1 minute read
Van rechter tot coach bij de kunstacademie
Het komt voor: je bent bijna afgestudeerd en je weet precies wat je gaat doen. Lucky you. Wat ook voorkomt: je twijfelt, je weet het allemaal nog niet zo precies. Wat past bij mij, waar word ik gelukkig van? Als dat zo is, zijn de ervaringen van Inka Dautzenberg, die zestien jaar lang rechter was en nu studentencoach is bij het Maastricht Institute of Arts, misschien nuttig.

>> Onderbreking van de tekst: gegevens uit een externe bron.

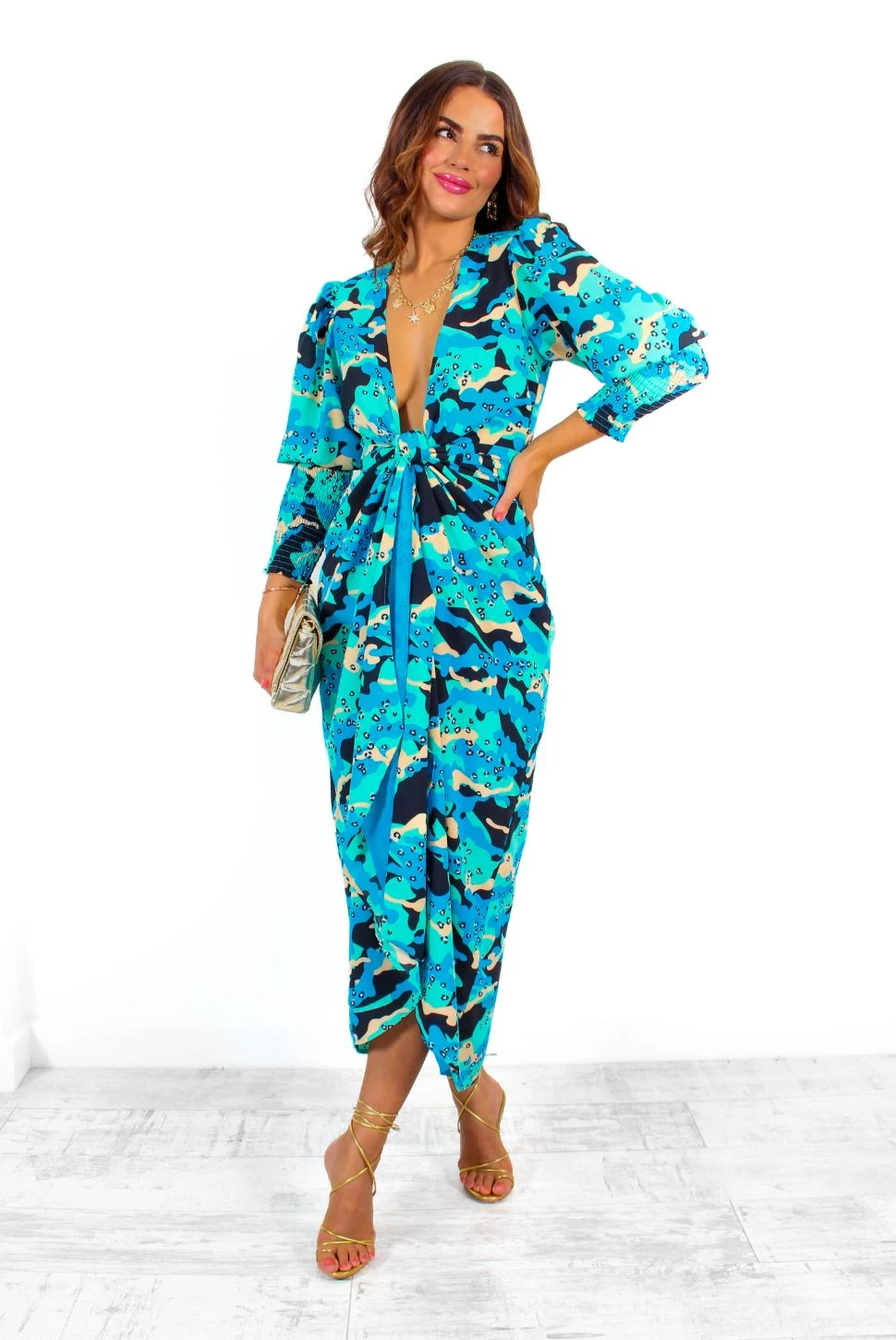 Currently crushing on camo! Don’t blend in, Doll, stand out in this bold blue camouflage print midi wrap dress. A true fan fave with dramatic 3/4 length shirred sleeves, super versatile wrap waist and all-over camo style animal print in tonal turquoise and blue, it’s driving us wild! Keep it chic with strappy black heels, or go all-out with teal accessories to turn heads.

Tekst Jules Coenegracht Foto Johannes Timmermans
Advertisement
‘Toen ik van de middelbare school afkwam, ging ik rechten studeren aan de Universiteit Maastricht. Enerzijds omdat ik nog niet zo goed wist wat ik precies wilde, anderzijds omdat ik geïnteresseerd was in opleidingen die gericht zijn op de maatschappij. Ik ging eerst kijken bij economie, maar rechten sloot beter aan bij wat ik zocht.’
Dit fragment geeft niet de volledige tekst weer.